Thursday Rethink: The Usual Suspects Is Massively Overrated

The Preposition: Bryan Singer's The Usual Suspects is one of the most overrated films of the 90s.

The Backdrop: The Usual Suspects seems to be a film that has quietly slipped onto the canon of great films from the 90s, praised for its complex narrative and twist ending. It's inclusion as a great film seems to go unquestioned in many film circles and it won the Academy Award for Best Original Screenplay in 1996 to boot. However, I find it to be a tedious film, in which the central enigma lacks urgency and the twist ending drains the film by not only forcing us to reevaluate what came before, but rendering it meaningless. Perhaps you disagree. I'm open to hearing defences of the film, but for now here are my three reasons the film is overrated in my mind.

Three Reasons:

1) The film's twist ending is so equivocal that it effectively renders the film a waste of time: This is for me the most fatal blow to the film's reputation. *SPOILERS* I like twist endings and have nothing against the films that employ a key reveal that causes us to reevaluate what came before. Such a combination of agnorisis and peripeteia was praised by Aristotle as the greatest of plots. The twists in films like the The Sixth Sense and Fight Club give what came before greater resonance and meaning and reward re-watching. But The Usual Suspects has a twist that refuses to enlighten what came before. It offers no conformation of how much of Verbal Kint's story is a lie or true. Neither the characters nor viewers receive any enlightenment. If it's all made up, why would anyone want to re-watch the film knowing that you must slog through an exposition drained of stakes? Sure, Verbal is not who he says he is, but who is he? Is he Keyser Soze? We can't know. Perhaps some of the appeal lies in the "choose your own ending" aspect, which I'm sure has fuelled plenty of dorm room debates, but it's all impossible to prove.

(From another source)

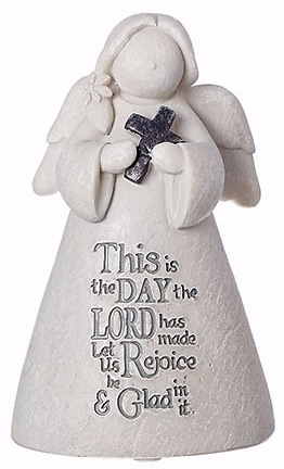 The figurine is made of a resin and stone mix, measures3-1/2" H. The angel holds a silver across and has the words from Psalm 118:24 which reads "This is the day the Lord has made, Let us be glad and rejoice in it" written across the front of the gown. She comes in an attractive gift box.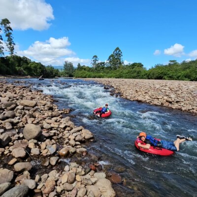Com duração de aproximadamente 1h30 a 2h entre remansos, banho de rio e corredeiras damos início a descida.

2) There are plenty of more compelling crime sagas. This is partly due to my first point, but the central events of The Usual Suspects are far from gripping. Films such as Pulp Fiction and Goodfellas offer better intersecting crime stories and tales that reward careful attention to the intricacies of the plot. I can't remember half of the characters in The Usual Suspects, and that's a crime considering the wealth of talent on display in this film (including unsung greats like Giancarlo Esposito and Pete Postlethwaite). Perhaps it is supposed to represent how complex the story that Verbal is weaving is, but his story should be gripping enough to hook me, or I'm going to find myself increasingly detached from the story and question Sgt. Rabin's character.

3) For a film this praised it doesn't represent the best work of any of its collaborators. Verbal Kint is the worst kind of Kevin Spacey role. Spacey is a talented actor, but this role is one of his most smug and irritating. He's won two Oscars, but neither is for his best work. Even director Bryan Singer has made better films, particularly, his second of the X-men films. If nearly everyone involved has gone on to better work, why is this film still held up as one of the pinnacles of 90s studio filmmaking?

Maybe I'm wrong. Maybe I'm missing something that will open The Usual Suspects to the kinds of readings that I love. But for now I'll contend that it's one of the most overrated films of the last 20 years. What do you think?